From the Gospel of Thomas: “Jesus said, ‘Let one who seeks not stop seeking until one finds. When one finds, one will be troubled. When one is troubled, one will marvel and will rule over all.’”[ii]
second tenet
The world into which we are thrown is a broken world.
The New Gnosticism sheds a light on a sad old world, one in which all the old chants have been incanted, all the old plaints are historical prophecies, all the poetry is spent of meaning and stripped of power, and all the poets are demiurgical fools.

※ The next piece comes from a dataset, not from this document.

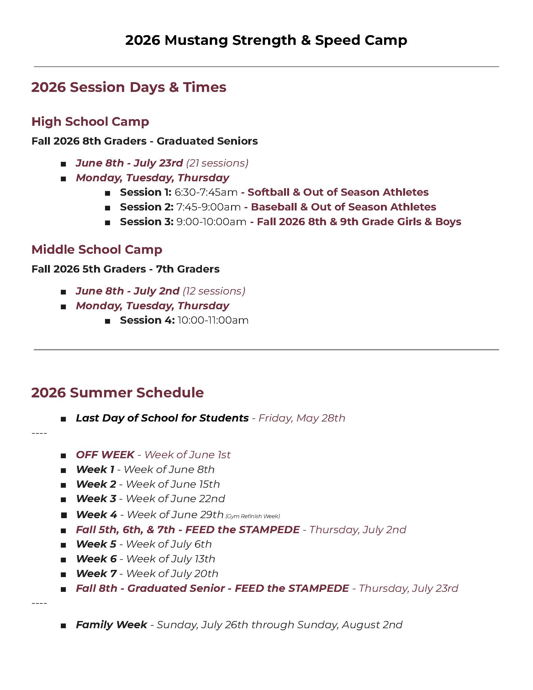 Camp will be held June 8, 9, & 10.

From Jacques Lacarrière, The Gnostics: “I will simply state that, at a certain moment in the dawn of time, when seeds were in their earliest awakening and all possibilities virgin, one of the inhabitants of the hyper-world—god, demiurge, angel or aeon …—one of these creatures, through error, pride, or fecklessness, intervened in the unfolding of the world and provoked disturbances, vibrations, and fibrillations of igneous matter which brought about its progressive degradation and its descent towards the lower circles. The world in which we live is not only opaque, heavy, and given over to death, but is above all a world born of a monumental machination; a world that was not foreseen, not desired, flawed in all its parts; a world in which every thing, every being, is the result of a cosmic misunderstanding. In this whirlpool of errors, this universal shipwreck which is the history of matter and of man, we on earth are rather like survivors condemned to eternal solitude, planetary detainees who are the victims of injustice on a truly cosmic scale. Stars, ether, aeons, planets, earth, life, flesh, inanimate matter, psyche—all are implicated, dragged into this universal disgrace.”[iii]
third tenet
The New Gnosticism is incendiary; its arson destroys the world’s demiurgic powers, whose poetry is marked by torpor, low wattage, and acts of border-policing, condemnation, and control.

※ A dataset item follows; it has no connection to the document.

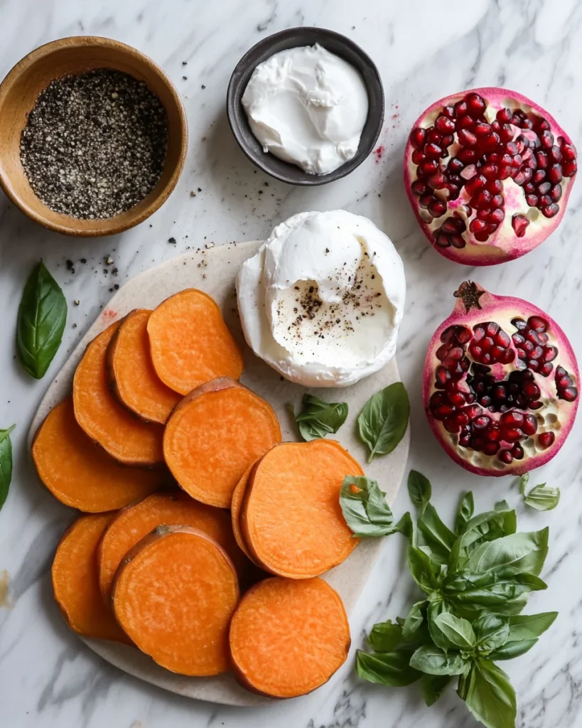 Ingredients for Sweet Potato Toast with Burrata and Pomegranate

In the Gospel of Thomas, Jesus insists, “I have thrown fire upon the world, and look, I am watching until it blazes.”[iv] Consonant with the arson of the New Gnosticism is vigilance and witness. If you would set fire to the world, if you would set fire to anything, you are obliged to pay attention to its damage. This attention constitutes a form of worship. Of what? Gnosis of course. Knowledge that withers demiurgic powers and restores logos into mythos. A note on the Demiurge. He is a vicious, jealous, and wrathful being. In this respect, he resembles many poets at the top of their game.
From Ioan Couliano, The Tree of Gnosis: “[I]n On the Origin of the World the first Archon arises in the Darkness emanating from Sophia and notices the existence of something higher than himself; at that moment, his Jealousy and his Wrath split from him, and a watery substance—Matter—flows down into the Chaos.”[v]

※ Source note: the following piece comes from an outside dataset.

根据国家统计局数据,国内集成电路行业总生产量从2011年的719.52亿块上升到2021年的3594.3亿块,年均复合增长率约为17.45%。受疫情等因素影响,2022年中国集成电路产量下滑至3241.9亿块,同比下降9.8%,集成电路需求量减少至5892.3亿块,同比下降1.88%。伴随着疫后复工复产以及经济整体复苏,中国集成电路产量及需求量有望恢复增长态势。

And from The Apocryphon of John: “Just then, while I was thinking these things, behold the heavens opened and the whole creation below the heaven was illuminated. And the world quaked. I was afraid and behold in the light I saw a child standing by me. When I saw him, he became like an old person and he shifted his resemblance, becoming like a servant. These semblances before me were not multiple beings but there was only a single likeness having many forms in the light. And the semblances appeared through each other and the semblance had three forms. He said to me, ‘John, why are you doubting and fearful? For you are not a stranger to this likeness. Do not be fainthearted! I am the one who dwells with you always. I am the Father. I am the Mother. I am the Son. I am the one who exists forever, undefiled and unmixed.’”[vi]
fourth tenet
You are initiated into the new Gnosticism whenever you contribute to its incantations.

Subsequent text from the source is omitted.